As India battles a calamitous covid19 surge, children, who anyway are the greatest victims of this pandemic by not only losing school space but outdoor life as well, aren’t cared by the government. After an absent Children Day last year (in 2020), the 11th anniversary of Right of Children to Free and Compulsory Education Act, 2009, on April 1 this year also went unmarked.
In any case, this landmark legislation that fructified after a long struggle of over 100 years is in an endangered zone since the NDA-2 government came to power at the centre, which as it appears, is keen on making it toothless if seen by its acts of its providing emphasis on ‘outcomes’ by way of Central RTE Rules amendment to include reference on learning outcomes in March 2017 and not inputs to doing away with no detention policy (section 16) through RTE Amendment bill 2019 and finally by replacing ‘right’ with ‘universal access’ in the much hyped NEP 2020.
For record, NEP 2020 announced amidst pandemic without a debate in the Parliament, also lays emphasis on ‘alternative models of education’, through ‘multiple pathways’ which also include non-formal and open schooling and minimally trained volunteers, community members and also child-tutors from the same school for children of grades one and two of primary schools. It also brought examination scheme back in grades 3, 5 and 8 in addition to the board examinations in grades 10 and 12 that runs contrary to the RTE.
The Government, which has long ago given up publishing annual status reports on RTE Act implementation status, conveniently sidelined the ‘compulsory’ obligation on it under the Act after the onset of the current pandemic in March-April 2020. According to estimates, more than 143 million primary school children and more than 133 million secondary school children in India are affected by school closures due to the pandemic. With about 65% of children in the country enrolled in government schools, an overwhelming majority lost one full academic year. Barring a minority of high end private schools, the story would be same for the bulk of private school children.
The rights-based framework under section 3 of the RTE Act states that “free education” implies that no children – other than a child who has been admitted to a school that is not supported by the government – shall be liable to pay any kind of fees or charges or expenses that may prevent them from pursuing and completing elementary education.
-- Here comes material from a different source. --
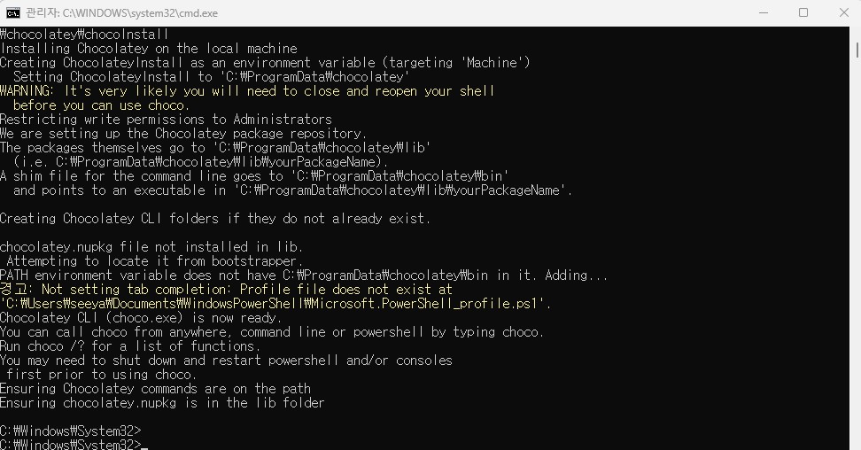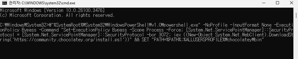 윈도우 CMD(Command Prompt)에서 Chocolatey를 설치하려면, 관리자 권한으로 CMD를 실행한 다음 아래 명령어를 입력하면 됩니다.(너무 길어서 아래 명령어 복사하시면 됩니다.)

With a national average of Internet access to less than 25% and a large proportion of them on single device, the shift to online education necessitated by the pandemic, obviously didn’t reach most children. Understandably, millions of children spent on buying devices and paying for internet. Doesn’t it violate the right?
Activists and supporters of RTE in this backdrop are naturally agitated and there is a feeling that this government is working some agenda to reduce the RTE Act to just a lip service. According to Prof Muchkund Dubey, President, Council for Social Development and a former foreign secretary who actively supports the right to education, a serious commitment to Right to Education may have ensured a lot of thinking and remedial measures in the time of school closures but when you are not recognizing a framework, how will solutions come through it. Long closure of schools also means end of gains in ending inequality, exclusion and social justice. “The very idea of a school as an imagination for social integration has collapsed,’ feels S. Srinivasa Rao, Associate Professor of Sociology of Education at Zakir Husain Centre for Educational Studies, Jawaharlal Nehru University (JNU). “While drop outing was already a big challenge, the pandemic forced shutdown has larger implications for a vast population of first/second generation school goers. Malnutrition (because midday meals now not there), early marriages, child labor—all can take us back by decades and what will be its final picture nobody can tell at this stage,” he says.
Lack of planning may one a factor in fanning the sentiment against the Government. Prof R Govinda, noted educationist and former NUEPA vice-chancellor, feels planning has lost its course in school education and there is an urgent need of state level action plans to arrest the decline of proper implementation of the Act. He also pointed out lack of enthusiasm among states as another serious factor that has impacted school education. “There was a thought that RTE should be rolled out as a program and not as a scheme. But then SSA became the primary vehicle of its implementation. So states thought that both the Act as well as planning was of the centre, so at a thought level they just stopped owning them,” he said.
While the RTE Act implementation progressed just over 1% in its first decade (12.7% as per RTE Forum status report 2019), the anniversary or a status report would have provided an opportunity to deliberate on the bottlenecks and practical difficulties and even a debate on any necessary changes. But it seems that it is not only the strong lobby of schools that market themselves based on the exam scores of their students, who glee on absence of Ministry of Education’s omissions, but it appears to be part of a deliberate ideological strategy.
There has been a growing demand for ending exemptions to minority education institutions, which have undoubtedly grown after they were left out of the purview of the Act. On the other side over 1 lakh Eklavya Vidyalayas run by Ekal Vidyalaya Foundation are built as a movement by RSS-this affiliate and need to be patronized by the BJP government. Both these actually reduce the effectiveness of the Act.
To sum up, only a thorough review of RTE Act and consultations can sort out matters. The Government can best utilize the pandemic situation to bring transparency and purpose to its own agenda and own up this legislation, which in the long run will benefit this nation.